Participants will also need to meet one of the following inflammatory indicators:
Central Obesity (ethnicity-specific waist circumference - see table below for specific values) OR BMI ≥30 kg/m2.
AND
- Raised triglycerides: ≥1.7 mmol/L (150 mg/dL) or specific treatment for this lipid abnormality OR
- Reduced HDL-cholesterol: <1.03 mmol/L (40 mg/dL) in males; <1.29 mmol/L (50 mg/dL) in females or specific treatment for this lipid abnormality OR
- Raised Blood Pressure: Raised blood pressure Systolic: ≥130 mm Hg or diastolic: ≥85 mm Hg or treatment of previously diagnosed hypertension.
- Diabetes: 8-hour fasting plasma glucose ≥ 7.0 mmol/L or Hb-A1C test ≥ 6.5% (as per the 2013 CDA diagnostic criteria) or previously diagnosed type 1 or 2 diabetes (current prescription medication for diabetes acceptable of diagnosis). Participants with child onset of diabetes will be excluded.
- Inflammatory bowel disorder (Ulcerative Colitis, Crohn's disease).
- Rheumatological disorders (rheumatoid arthiristis); Psoriasis.
- Smoking cigarettes (daily - minimum of ½ pack).
- High sensitivity C-reactive protein level of ≥5 mg/L via blood test at screening
Exclusion Criteria:
- Another concurrent psychiatric disorder that requires primary clinical attention
- History of schizophrenia
- Active psychotic symptoms
- Substance abuse and/or dependence within past 6 months
- Electroconvulsive therapy in the past 6 months
- Actively suicidal or evaluated as being a suicide risk [HAMD-17 suicide item >= 3 or Montogomery Asberg Depression Rating Scale (MADRS) suicide item >= 4, or according to clinical judgement using the C-SSRS]

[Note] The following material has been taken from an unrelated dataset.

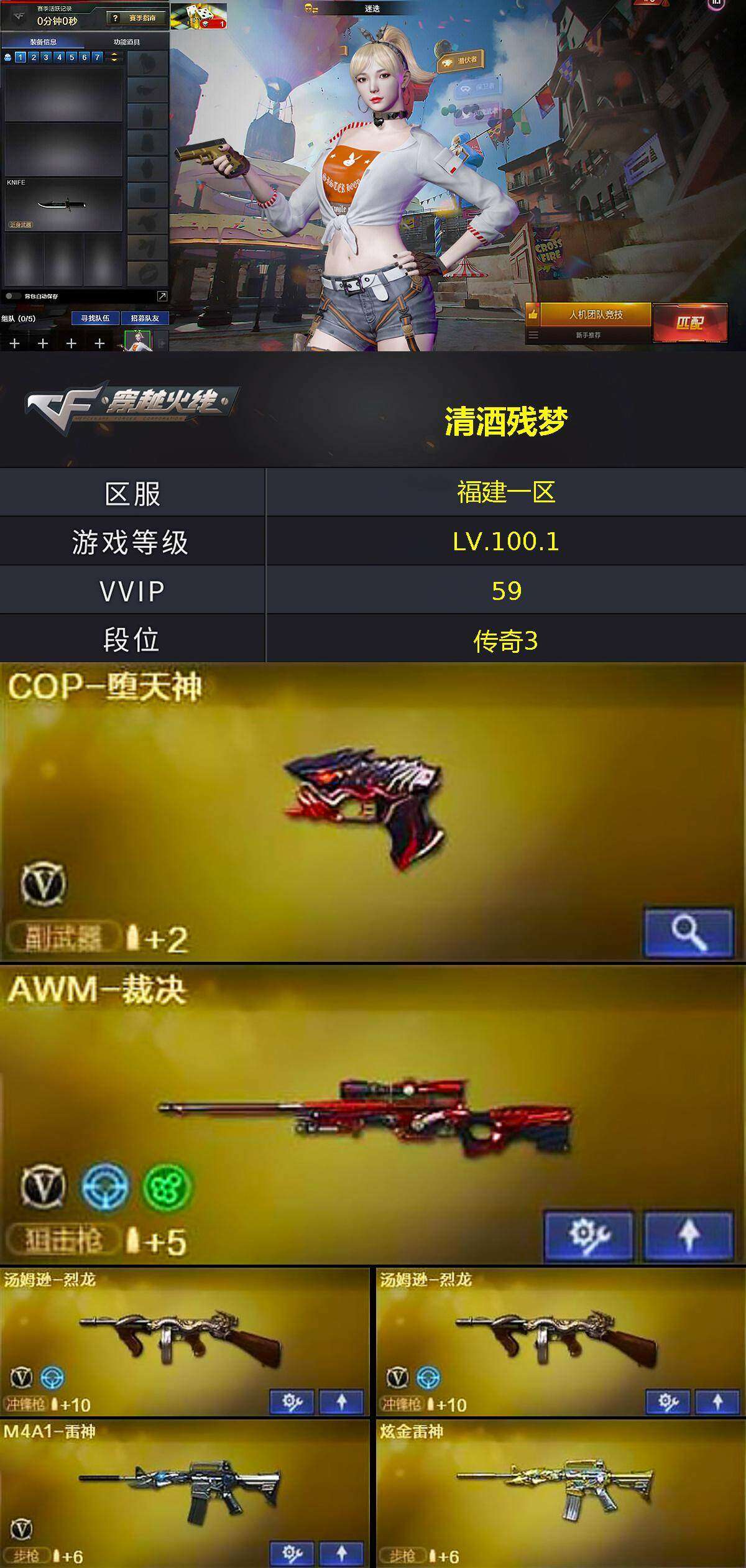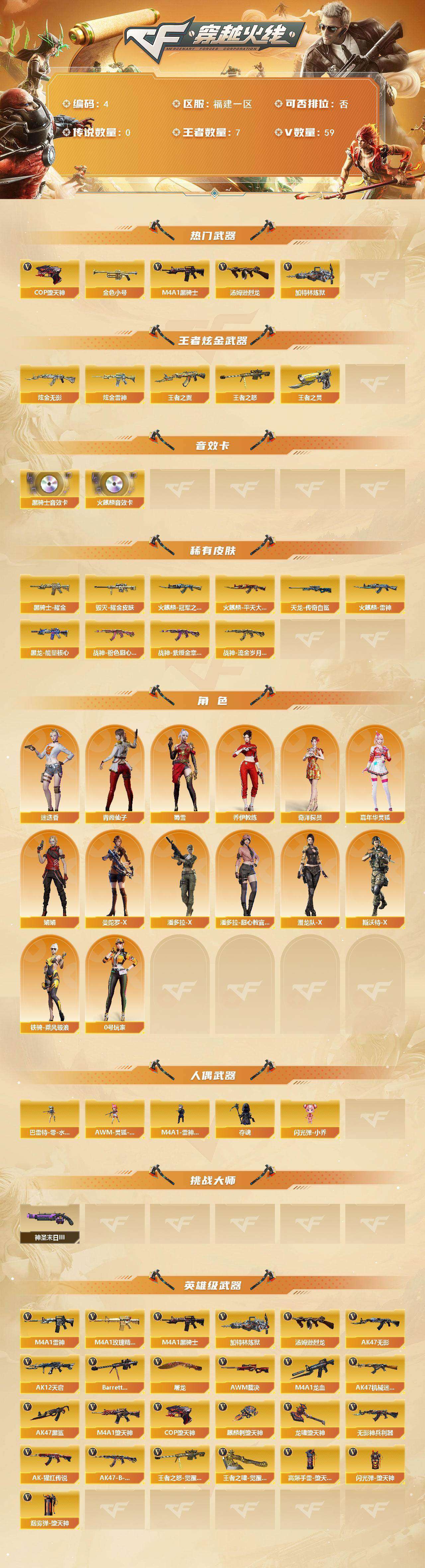 【等级】100【区服】福建一区【vip】1【段位】传奇3【英雄角色】1【英雄武器】58【王者级武器】王者之翼 王者之怒 王者之怒-觉醒版 王者之灵 王者之灵 王者之啸-觉醒版 【炫金级武器】炫金无影 炫金无影 炫金雷神 【英雄级角色】迷迭香 【英雄级武器】无影-神兵利器 ak12-天启 m4a1-玫瑰精灵 ak47-机械迷城 屠龙 ak47-无影 ak-47-猩红传说 ak-4

- Clinically significant unstable medical illness
- Severe infections such as sepsis, abscess, tuberculosis and opportunistic infections
- Viral hepatitis B
- History of Hepatitis C ( documented or suspected)
- Any autoimmune disorder
- History of tuberculosis or a high risk of tuberculosis exposure
- Human Immunodeficiency Virus confirmed by laboratory testing
- Active fungal infection
- History of recurrent viral or bacterial infections
- Received within 3 months prior to screening or are expected to receive any live viral vaccine or live bacterial vaccinations during the trial or up to 3 months after the last administration of study agent
- C. difficile infection within the past 4 months
- History of lymphoproliferative disease
- History of cancer, excluding basal cell or squamous cell carcinoma of the skin (fully excised with no recurrence)
- Unstable cardiovascular, endocrinological, hematological, hepatic, renal or neurological disease determined by physical examination and laboratory testing
- Concomitant diagnosis or any history of congestive heart failure
- Concomitant treatment with non-steroidal and steroidal anti-inflammatory medications or other biologics
- Current or past exposure to anti-TNF biologics
- Previous immediate hypersensitivity response, including anaphylaxis to an immunoglobulin product (plasma-derived or recombinant, e.g. monoclonal antibody)
- Known allergies, hypersensitivity or intolerance to infliximab or its excipients
- Known allergy to murine proteins or other chimeric proteins
- Currently on or have used any investigational drug within 30 days prior to screening, or within 5 half-lives of the investigational agent
- Females who are pregnant or breastfeeding
Sites / Locations
- VA Palo Alto Health Care System
- Toronto Western Hospital
Arms of the Study
Arm 1
Arm 2
Arm Type
Experimental
Placebo Comparator
Arm Label
Infliximab
Saline (Placebo)
Arm Description
Intravenous infliximab (5mg/kg) at baseline, week 2 and 6 under clinical observation
Intravenous placebo (saline solution) at baseline, week 2 and 6 under clinical observation. Placebo will be matched to infliximab in color and consistency.
Outcomes
Primary Outcome Measures
Baseline and Week 12 Montgomery-Asberg Depression Rating Scale (MADRS) Scores
Baseline and Week 12 Montgomery-Asberg Depression Rating Scale scores are provided, with the range of possible values on the scale from 0 to 60. The higher the score, the worse the overall depressive symptoms.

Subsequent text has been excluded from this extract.